The blog post compares “pymc_jax_gpu_parallel : PyMC with JAX backend (numpyro sampler) and GPU, running chains in sequence” and “pymc_jax_gpu_vectorized : PyMC with JAX backend (numpyro sampler) and GPU, running chains in parallel”. All models ran four chains. I found the terminology slightly confusing with pymc_jax_gpu_parallel running chains in sequence. Could you clarify if using a sequential method runs all the chains on GPU at the same time or not? (I have reached out the author but not received a reply.)
As you can see in the plots on the post, the vectorised method is clearly superior for large models. @fehiepsi has said in a few posts that the vectorised method is good if you draw a lot of chains – but this is only four chains. Can you explain why the vectorised method is best and whether it is always better, or on what sort of models might sequential perform better?
I have access to 2 GPUs. Does numpyro efficiently make use of both GPUs for MCMC sampling using numpyro.set_platform(“gpu”) or is there something else that needs to be done?
The final comments on the bottom of this and this ask how to run inference on GPU and analysis in arviz on CPU. @fehiepsi did you find a definitive way of doing this, or is best to save the output and load it up for arviz in a new CPU session?

Cheers,

Theo

fehiepsi · May 9, 2022, 2:31pm

I think it is better to do benchmark yourself for your specific problem. numpyro provides 3 methods sequential, vectorized, and parallel. Vectorized and sequential are useful for single devices. Parallel is useful for multiple devices. If you have 4 GPUs, then you can just use parallel method. If you have 1 GPU, you can use either sequential or vectorized method. The speed depends on problems (if chains are not well mixing, vectorized method would be slow) and it is easy to switch between those methods (by using chain_method=...). I’m not sure why using 1 GPU with vectorized method is faster than using 4 GPUs with parallel method. Probably the communication cost between devices are large or vectorized methods work well for some expensive computations in the model.

Regarding arviz, you can move all samples to CPU using jax.device_get and perform analysis on those CPU samples.

theo · May 9, 2022, 4:37pm

My feeling is, given the user had 1 GPU in the blog post, pymc_jax_gpu_parallel actually refers to sequential, and pymc_jax_gpu_vectorized refers to vectorised.

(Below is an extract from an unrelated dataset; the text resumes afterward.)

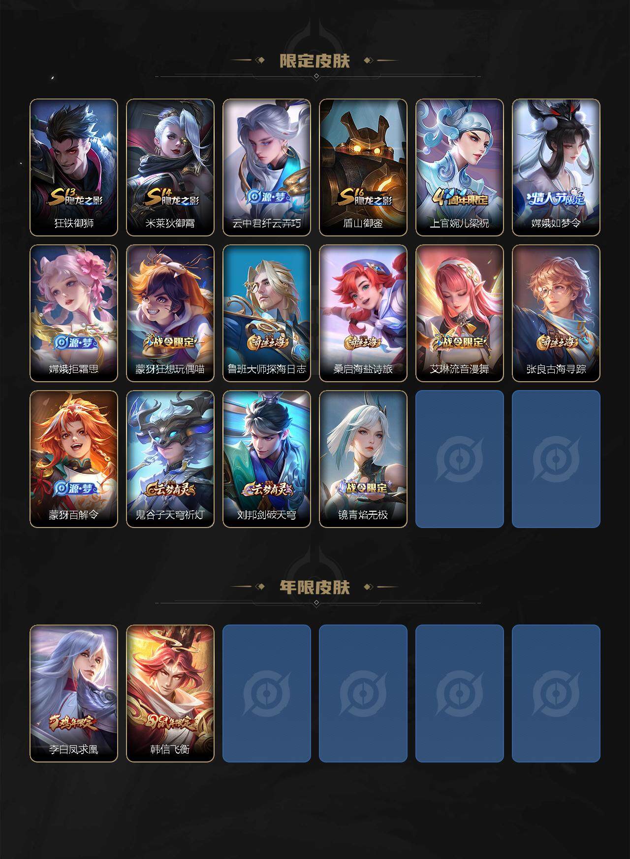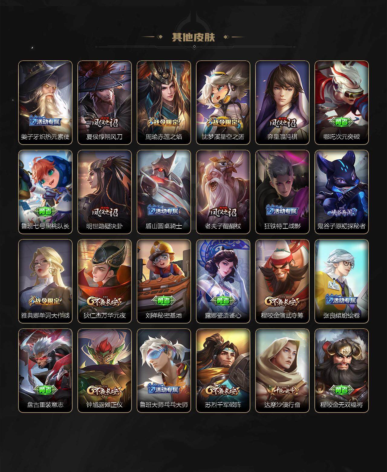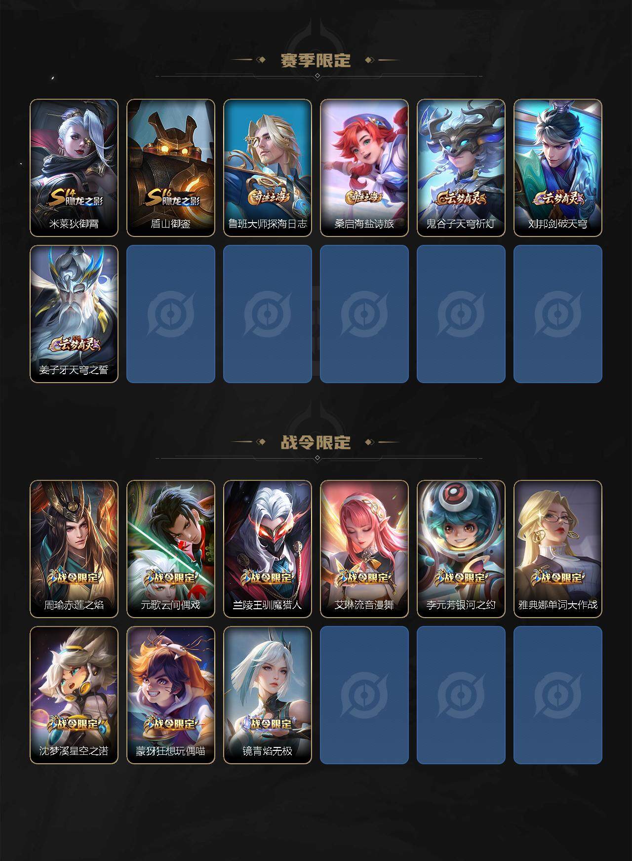 【赛季限定】:白起狰,芈月重明,夏侯惇朔风刀,曹操烛龙,典韦穷奇,狄仁杰万华元夜,达摩沙漠行僧,老夫子醍醐杖,程咬金演武夺筹,兰陵王金庭之子,张良古海寻踪,牛魔御旌,李元芳云中旅人,虞姬凯尔特女王,钟馗驱傩正仪,雅典娜黎明之约,太乙真人饕餮,鬼谷子原初探秘者,苏烈千军破阵,百里玄策原初追逐者,弈星混沌棋,梦奇顽趣,沈梦溪大漠名商,明世隐疑决卦,狂铁御狮,米莱狄御霄,盾山御銮,鲁班大师探海日志,桑启海盐诗旅,鬼谷子天穹祈灯,刘邦剑破天穹,姜子牙天穹之誓

Perhaps there wasn’t a warning that chain_method="parallel" wouldn’t work with 1 GPU in pymc.sampling_jax module.

So I think we’re comparing gpu_sequential and gpu_vectorized on 1 GPU (not 4). I guess the vectorized method might be faster simply as it is running all the chains at the same time? Unless there is another reason.

It’s a little tricky with 2 GPUs to decide between vectorised and parallel with 2 chains run sequentially on each GPU. I guess there’s no other way but to try it out.

So is this something like:

...
fit = mcmc.get_samples()
jax.device_get(fit)
posterior = az.from_dict(mcmc.get_samples()) # this happens on CPU

I assume I don’t need a numpyro.set_platform(“cpu”) somewhere between?

I actually prefer the az.from_dict(mcmc.get_samples()) to az.from_numpyro(mcmc)for this use case because I only want to save the posterior samples as xarray-like thing.

fehiepsi · May 9, 2022, 4:46pm

I think so. That’s what I understand from device_get doc.